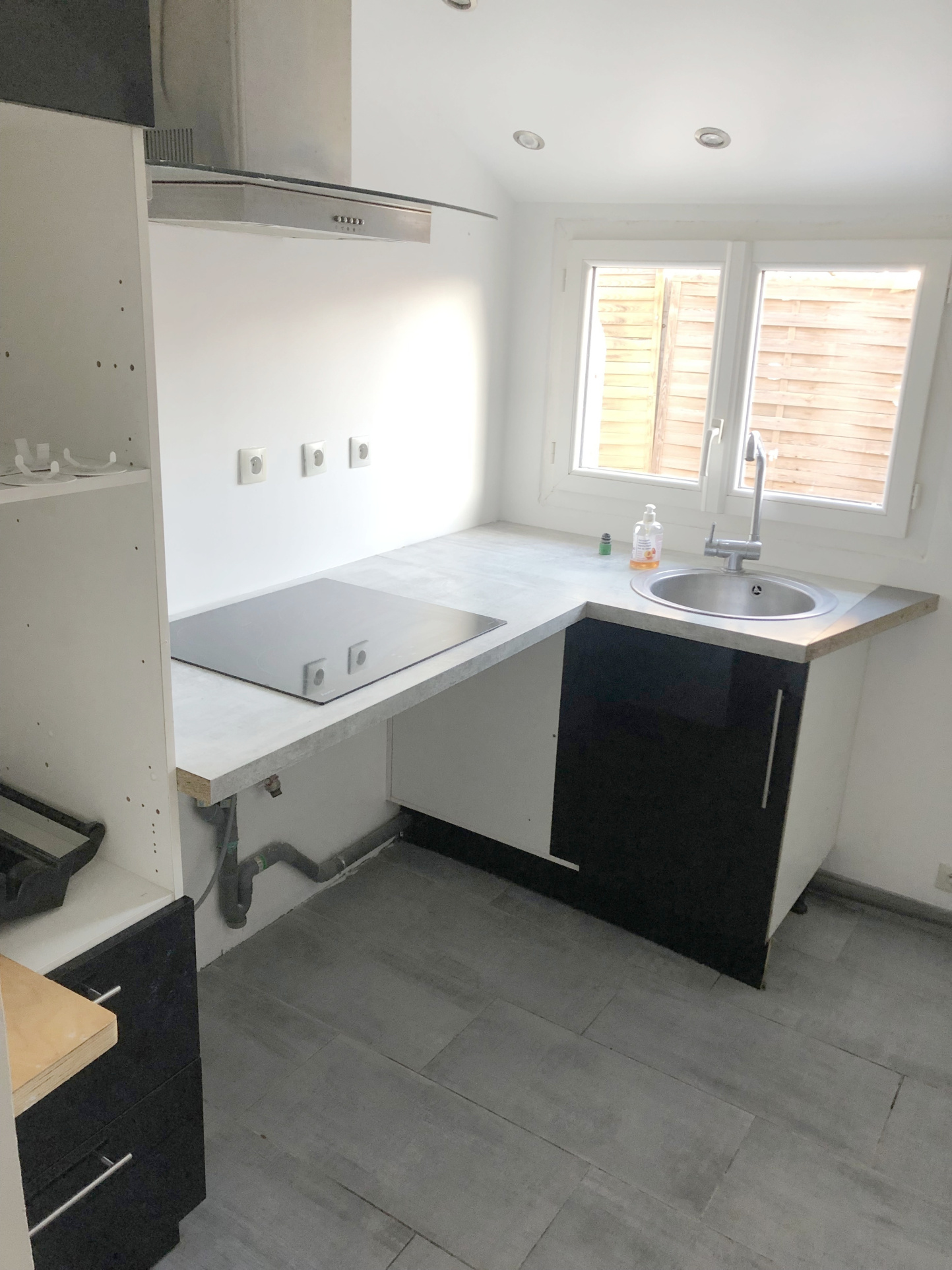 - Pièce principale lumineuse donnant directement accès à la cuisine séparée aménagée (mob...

---

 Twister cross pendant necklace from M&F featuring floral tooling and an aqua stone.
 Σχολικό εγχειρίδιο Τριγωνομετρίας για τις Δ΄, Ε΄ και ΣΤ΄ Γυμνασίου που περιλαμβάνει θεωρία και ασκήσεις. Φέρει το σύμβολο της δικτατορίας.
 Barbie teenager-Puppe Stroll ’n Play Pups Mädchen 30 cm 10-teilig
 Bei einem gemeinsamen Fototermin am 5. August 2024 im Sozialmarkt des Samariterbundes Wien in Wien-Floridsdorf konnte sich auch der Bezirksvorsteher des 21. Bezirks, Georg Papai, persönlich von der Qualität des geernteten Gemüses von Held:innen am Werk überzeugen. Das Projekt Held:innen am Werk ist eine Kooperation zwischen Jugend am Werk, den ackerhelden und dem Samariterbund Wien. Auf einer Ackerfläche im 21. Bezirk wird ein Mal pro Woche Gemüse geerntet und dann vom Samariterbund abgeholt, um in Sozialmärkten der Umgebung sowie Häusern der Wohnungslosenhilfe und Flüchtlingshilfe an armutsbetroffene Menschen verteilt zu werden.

...

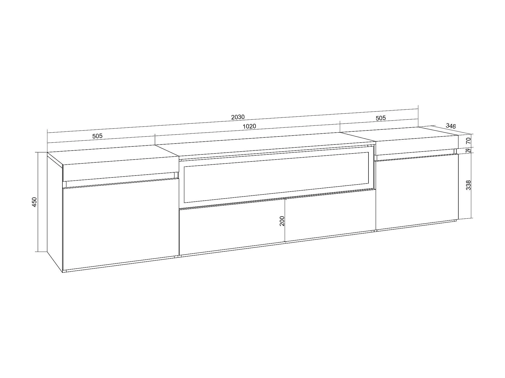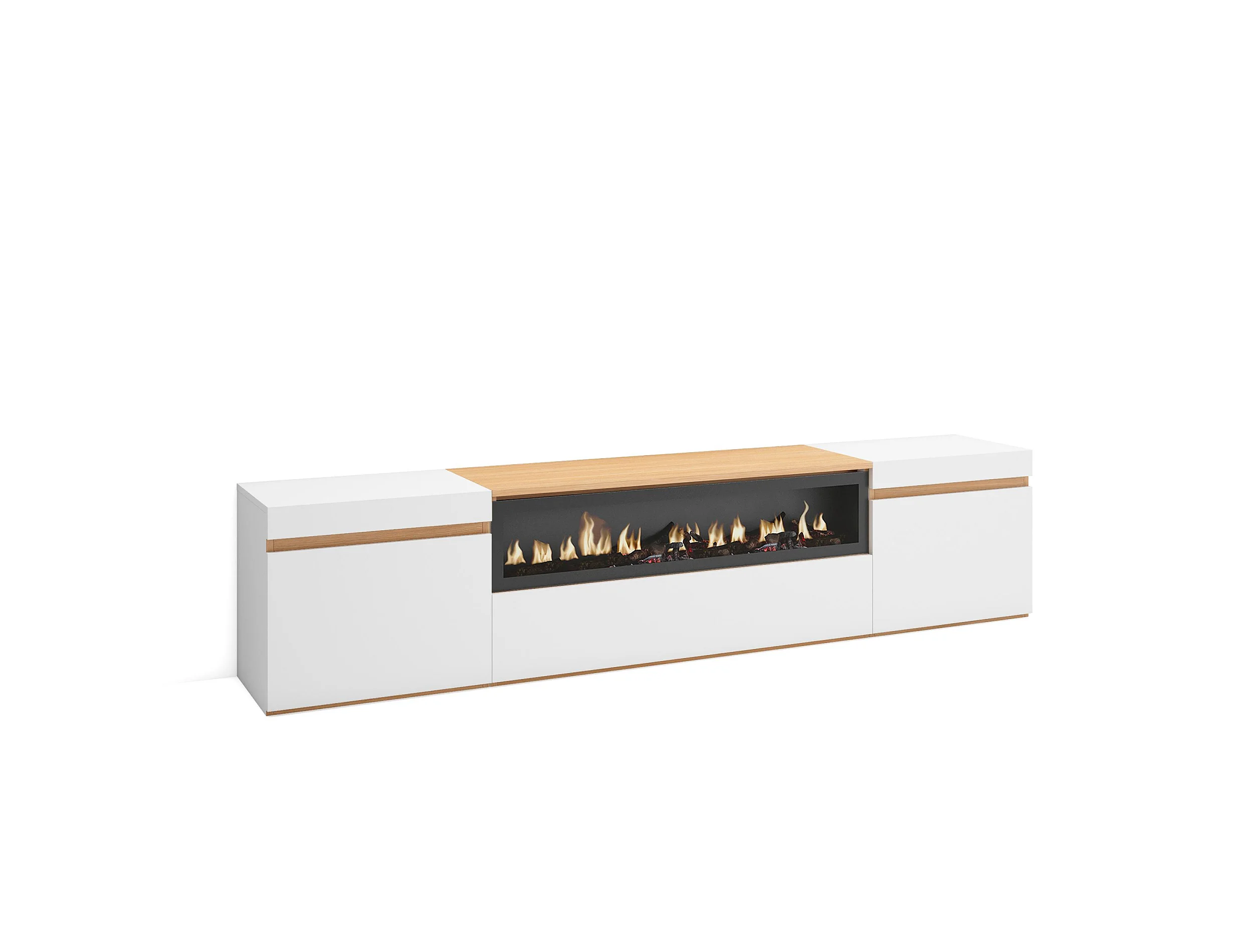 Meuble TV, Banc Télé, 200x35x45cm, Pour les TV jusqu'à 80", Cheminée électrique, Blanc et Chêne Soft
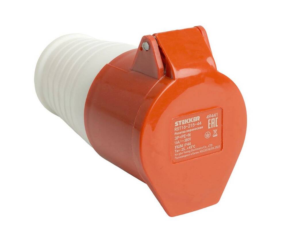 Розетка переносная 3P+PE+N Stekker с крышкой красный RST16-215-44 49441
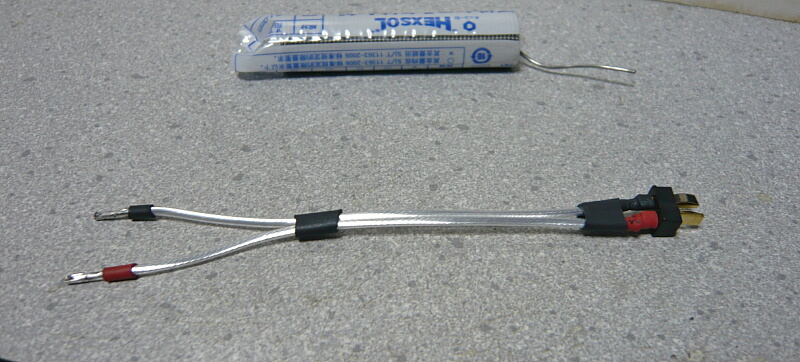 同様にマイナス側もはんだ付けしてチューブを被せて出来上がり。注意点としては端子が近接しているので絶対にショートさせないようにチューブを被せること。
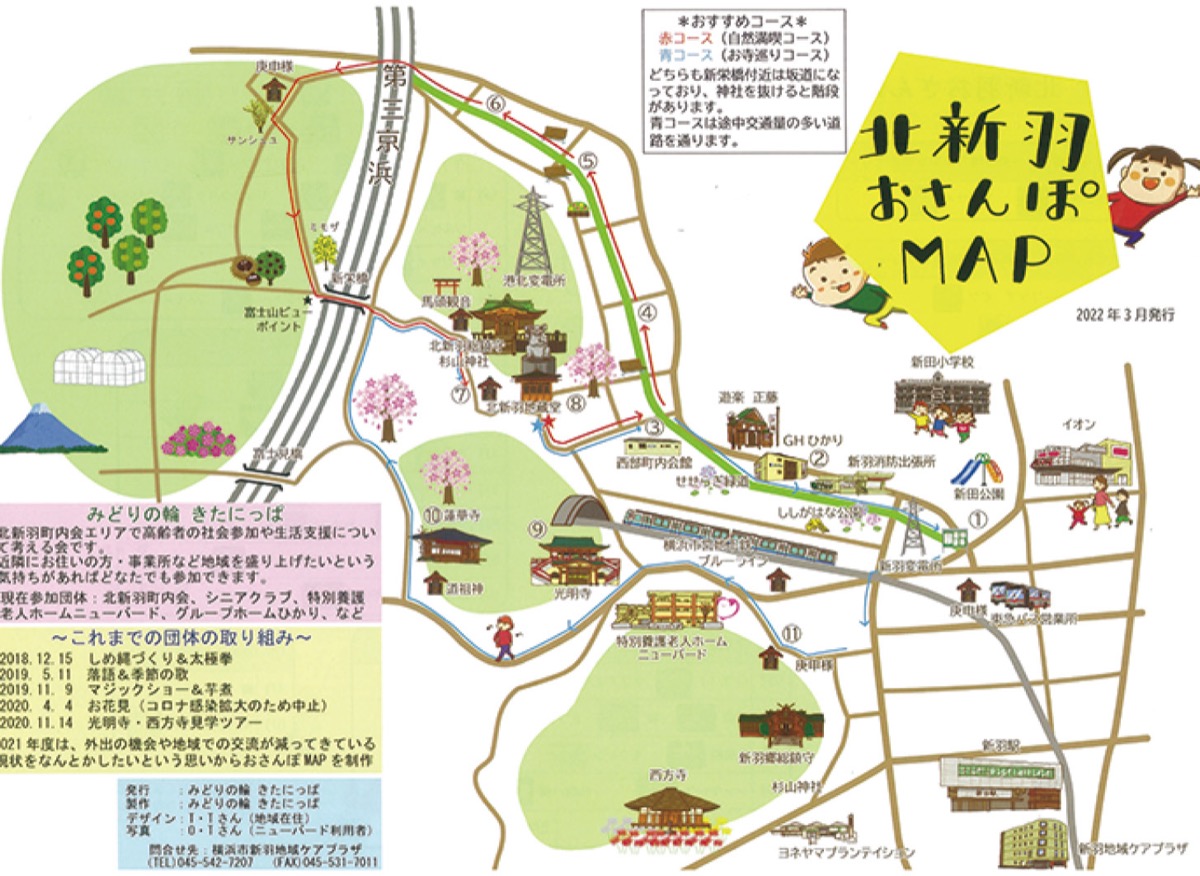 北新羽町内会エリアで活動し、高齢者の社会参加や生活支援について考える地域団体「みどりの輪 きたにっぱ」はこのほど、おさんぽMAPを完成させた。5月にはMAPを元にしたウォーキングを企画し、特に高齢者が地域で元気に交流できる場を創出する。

* _Activity_
Write out exactly the lines above between the one with "Meuble TV, Banc" and the one with "北新羽町内会エリアで活動し、", inclusive, with pictures left out.

* _Expected output_
 Meuble TV, Banc Télé, 200x35x45cm, Pour les TV jusqu'à 80", Cheminée électrique, Blanc et Chêne Soft
 Розетка переносная 3P+PE+N Stekker с крышкой красный RST16-215-44 49441
 同様にマイナス側もはんだ付けしてチューブを被せて出来上がり。注意点としては端子が近接しているので絶対にショートさせないようにチューブを被せること。
 北新羽町内会エリアで活動し、高齢者の社会参加や生活支援について考える地域団体「みどりの輪 きたにっぱ」はこのほど、おさんぽMAPを完成させた。5月にはMAPを元にしたウォーキングを企画し、特に高齢者が地域で元気に交流できる場を創出する。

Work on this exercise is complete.